The list below is certainly not exhaustive, and may not even be representative.
Our intended goal here is to give the readers a sense of the current use
of Bayesian analysis in Genetics.
J.S. SINSHEIMER, J.A. LAKE, AND R.J.A. LITTLE (1996).
Bayesian Hypothesis Testing of Four-Taxon Topologies Using Molecular
Sequence Data.
Biometrics 52, pp193-210.
Contact: Roderick J. A. Little, University of
Michigan, <rlittle@umich.edu>.
Bayesian analysis is used to test three hypotheses concerning the correct
topology from the available DNA sequences. Classical hypothesis testing is
reported to be difficult due to test the multiple alternative hypotheses
involved, while Bayesian analysis being conceptually straightforward.
Multinomial and Multivariate normal sampling models are used with uniform
priors on the parameters to obtain the posterior probabilities of the
hypotheses. Using a large simulation study to assess the frequentist
properties of the Bayesian tests, the authors conclude that Bayesian tests
are well calibrated and have reasonable discriminating power
for a wide range of realistic conditions.

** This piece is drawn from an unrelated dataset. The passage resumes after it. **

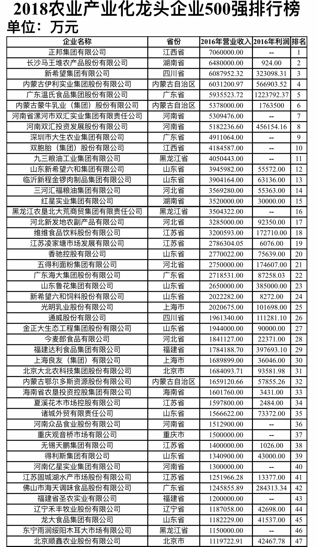 新型農(nóng)業(yè)經(jīng)營主體是發(fā)展現(xiàn)代農(nóng)業(yè)和實(shí)現(xiàn)鄉(xiāng)村振興的重要力量。為全面了解各類新型農(nóng)業(yè)經(jīng)營主體的發(fā)展情況,在相關(guān)主管部門和各省區(qū)市的大力支持下,農(nóng)民日報(bào)社組織權(quán)威專家開展課題研究,并采集和梳理大量數(shù)據(jù),依據(jù)2016年?duì)I業(yè)收入進(jìn)行排名,入圍門檻為6.11億元,綜合形成了《2018農(nóng)業(yè)產(chǎn)業(yè)化龍頭企業(yè)500強(qiáng)排行榜》。

K. SJ¨OLANDER, K. KARPLUS, M. BROWN, R. HUGHEY, A. KROGH, I. S. MIAN
AND D. HAUSSLER (1996).
Dirichlet mixtures: a method for improved detection of weak but
significant protein sequence homology.
Computational Applications in Bio. Science 12, pp 327-345
Contact: Kimmen Sjölander, University of California, Santa
Cruz, <kimmen@cse.ucsc.edu>.
Bayesian methods are used in finding remote homologs with lower primary
sequence identity . The authors use a Dirichlet mixture prior for amino acids
distributions. This prior is estimated using data obtained from multiple
alignment databases on observed counts of amino acids in clusters, and the
maximum likelihood method. The observed amino acid frequencies are then
used to obtain posterior estimates of amino acid probabilities at each
position in a profile.
I. HOESCHELE, P. UIMARI, F. E. GRIGNOLA, Q. ZHANG, K.M. GAGE (1997).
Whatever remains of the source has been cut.